Background Angiotensin II activates 2 distinct G protein–coupled receptors, the AT₁ and AT₂ receptors. Most of the known cardiovascular effects of angiotensin II are mediated by the AT₁ receptor subtype. The aim of the present study was to test whether deletion of the AT₂ receptor gene in mice (AT₂-KO mice) leads to long-term functional or structural alterations in the cardiovascular system.

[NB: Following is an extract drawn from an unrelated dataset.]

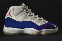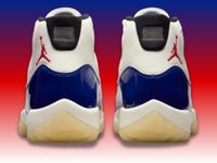 The Air Jordan 11 Retro Rare Air (2025) returns with subtle swagger and bold heritage. Dressed in deep royal blue, fire red, sail, black and muslin, the standout feature is the high-shine patent leather mudguard in the royal blue hue, a signal that this isn’t just another run of the AJ11. Classic white leather above gives it that clean contrast while fire red hits and a muslin-tinted translucent outsole add vintage flavor. · Lore plays a major role here: part of the "Rare Air" series that nods to sample-model aesthetics and collector culture, this drop adds "JORDAN" spelled across the eyestays
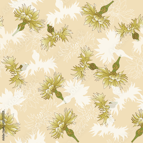 Floral vintage texture for fabric. Seamless ornament of flowers on a beige background.

Methods and Results In vivo pressure responses to angiotensin II or the α₁-adrenergic receptor agonist phenylephrine were greatly enhanced in AT₂-KO mice. Deletion of the angiotensin AT₂ receptor did not lead to a compensatory increase of the activity of the circulating renin-angiotensin system, and arterial blood pressure was identical in wild-type control mice (WT) and AT₂-KO mice. Cardiac contractility as assessed by LV catheterization and by rapid MRI also did not differ between AT₂-KO and WT mice. Isolated femoral arteries from AT₂-KO mice, however, showed enhanced vasoconstriction to angiotensin II, norepinephrine, and K⁺ depolarization compared with WT. Morphometric analysis of large and small femoral arteries revealed a significant hypertrophy of media smooth muscle cells. Phospho-P70S6 kinase levels were significantly increased in aortas from AT₂-KO mice compared with WT mice. Treatment of mice with an ACE inhibitor for 8 weeks abolished the increased pressure responsiveness, vascular hypertrophy, and enhanced P70S6 kinase phosphorylation in AT₂-KO mice.

Conclusions These results indicate that vascular AT₂ receptors inhibit the activity and, hence, hypertrophic signaling by the P70S6 kinase in vivo and thus are important regulators of vascular structure and function.